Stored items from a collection
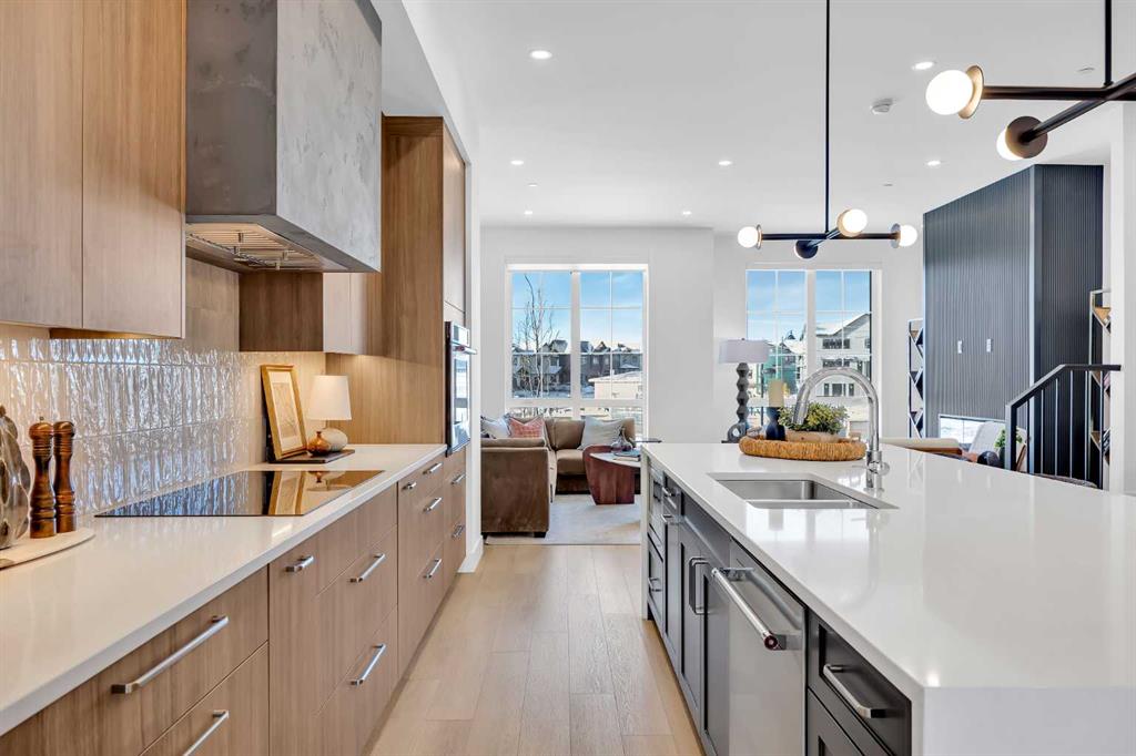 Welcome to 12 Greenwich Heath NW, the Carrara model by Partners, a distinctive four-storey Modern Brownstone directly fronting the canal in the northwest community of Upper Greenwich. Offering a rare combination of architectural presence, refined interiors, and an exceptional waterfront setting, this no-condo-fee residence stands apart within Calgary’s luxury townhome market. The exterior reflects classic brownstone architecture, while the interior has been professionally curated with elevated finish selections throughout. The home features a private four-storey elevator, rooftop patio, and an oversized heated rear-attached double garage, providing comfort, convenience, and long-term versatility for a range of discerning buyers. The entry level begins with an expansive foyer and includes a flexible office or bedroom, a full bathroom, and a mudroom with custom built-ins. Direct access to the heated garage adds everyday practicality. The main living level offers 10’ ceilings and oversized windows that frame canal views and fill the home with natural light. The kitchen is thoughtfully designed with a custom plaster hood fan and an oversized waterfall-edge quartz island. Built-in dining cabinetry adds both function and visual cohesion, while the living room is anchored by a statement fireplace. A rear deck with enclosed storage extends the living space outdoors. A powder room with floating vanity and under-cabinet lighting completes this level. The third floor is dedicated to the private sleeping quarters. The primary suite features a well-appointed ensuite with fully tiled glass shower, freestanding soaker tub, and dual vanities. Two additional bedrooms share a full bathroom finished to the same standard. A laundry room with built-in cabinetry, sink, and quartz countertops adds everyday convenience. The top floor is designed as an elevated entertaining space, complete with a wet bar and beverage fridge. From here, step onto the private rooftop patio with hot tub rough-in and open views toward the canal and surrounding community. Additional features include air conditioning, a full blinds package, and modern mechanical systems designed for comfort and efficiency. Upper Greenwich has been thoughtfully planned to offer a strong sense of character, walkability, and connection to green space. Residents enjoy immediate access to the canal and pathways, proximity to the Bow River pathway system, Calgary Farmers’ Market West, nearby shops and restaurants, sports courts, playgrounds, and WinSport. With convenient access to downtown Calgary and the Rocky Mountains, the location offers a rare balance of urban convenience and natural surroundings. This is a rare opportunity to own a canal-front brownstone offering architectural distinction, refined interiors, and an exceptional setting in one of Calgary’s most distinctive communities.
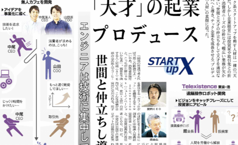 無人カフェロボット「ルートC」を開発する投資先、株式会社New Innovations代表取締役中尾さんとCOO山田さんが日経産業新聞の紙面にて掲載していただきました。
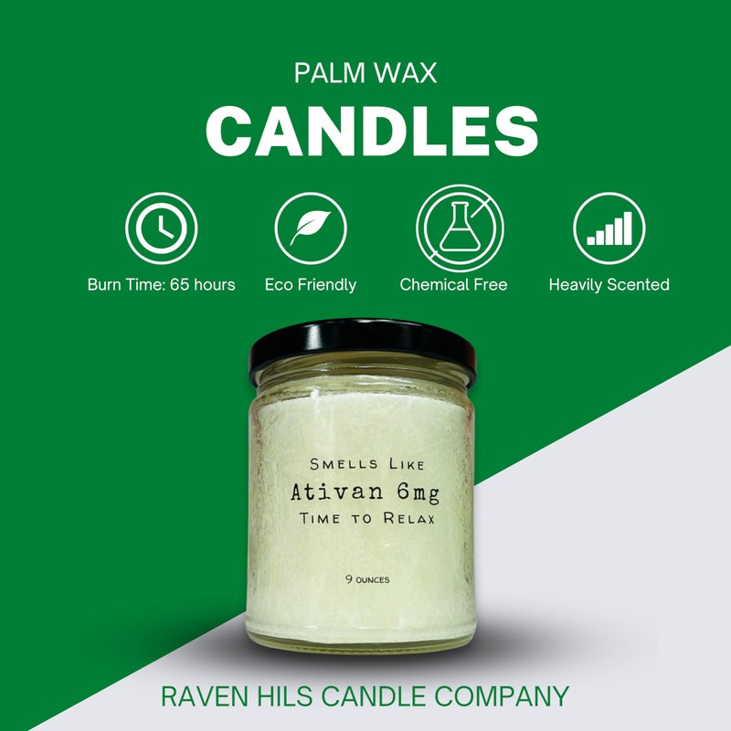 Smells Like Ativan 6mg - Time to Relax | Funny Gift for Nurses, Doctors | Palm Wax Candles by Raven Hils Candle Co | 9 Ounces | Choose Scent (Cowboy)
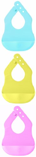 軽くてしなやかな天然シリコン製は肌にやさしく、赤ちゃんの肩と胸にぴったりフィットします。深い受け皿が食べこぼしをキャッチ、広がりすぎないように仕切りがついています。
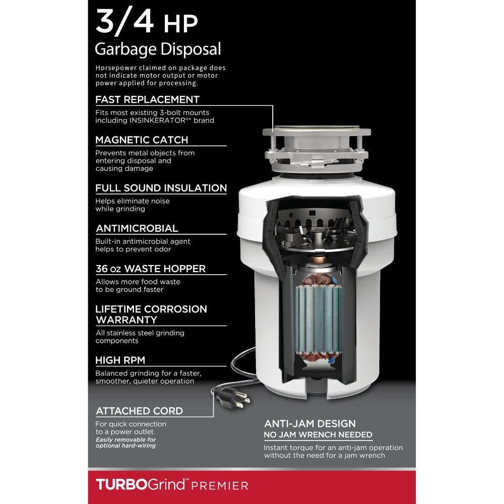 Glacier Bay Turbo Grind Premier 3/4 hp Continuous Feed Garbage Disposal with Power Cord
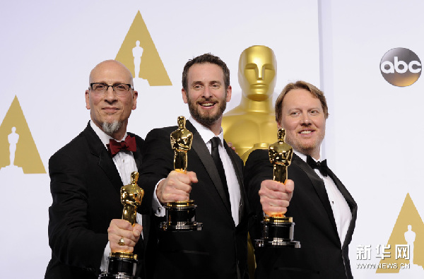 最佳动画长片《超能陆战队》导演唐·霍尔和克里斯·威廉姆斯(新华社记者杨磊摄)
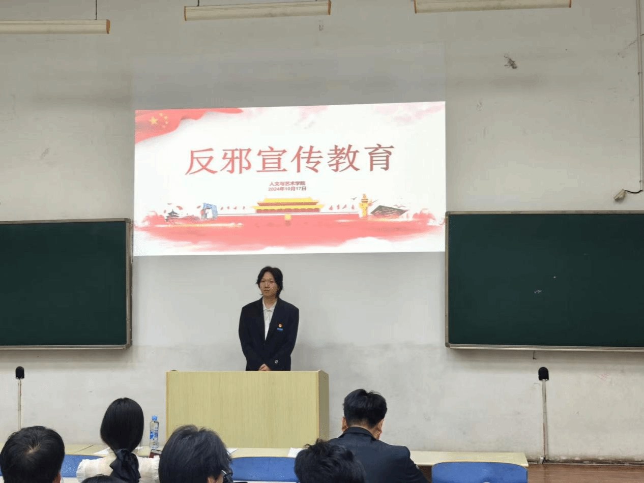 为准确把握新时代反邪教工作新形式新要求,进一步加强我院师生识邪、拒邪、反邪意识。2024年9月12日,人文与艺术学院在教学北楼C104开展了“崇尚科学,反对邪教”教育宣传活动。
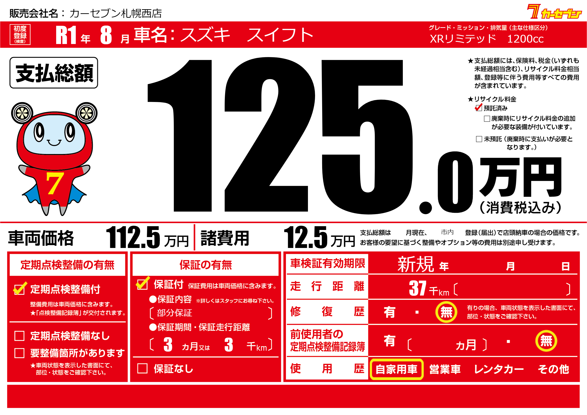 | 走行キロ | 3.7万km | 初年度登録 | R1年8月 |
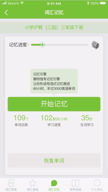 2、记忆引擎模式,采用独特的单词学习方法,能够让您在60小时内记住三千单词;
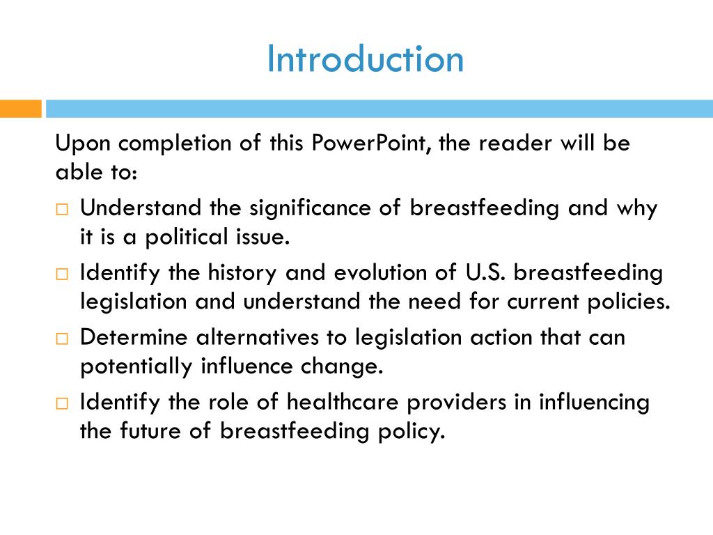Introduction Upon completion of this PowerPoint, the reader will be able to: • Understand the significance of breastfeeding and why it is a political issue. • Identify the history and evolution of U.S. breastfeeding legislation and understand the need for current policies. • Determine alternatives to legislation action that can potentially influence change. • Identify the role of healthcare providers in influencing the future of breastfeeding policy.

Work instructions >> Exactly the lines from the one holding "2、记忆引擎模式,采用独特的单词学习方法,能够让您在60小时内记住三千单词;" to the last line of the records above should be duplicated, with no pictures among them.

Response to the exercise >>
 2、记忆引擎模式,采用独特的单词学习方法,能够让您在60小时内记住三千单词;
Introduction Upon completion of this PowerPoint, the reader will be able to: • Understand the significance of breastfeeding and why it is a political issue. • Identify the history and evolution of U.S. breastfeeding legislation and understand the need for current policies. • Determine alternatives to legislation action that can potentially influence change. • Identify the role of healthcare providers in influencing the future of breastfeeding policy.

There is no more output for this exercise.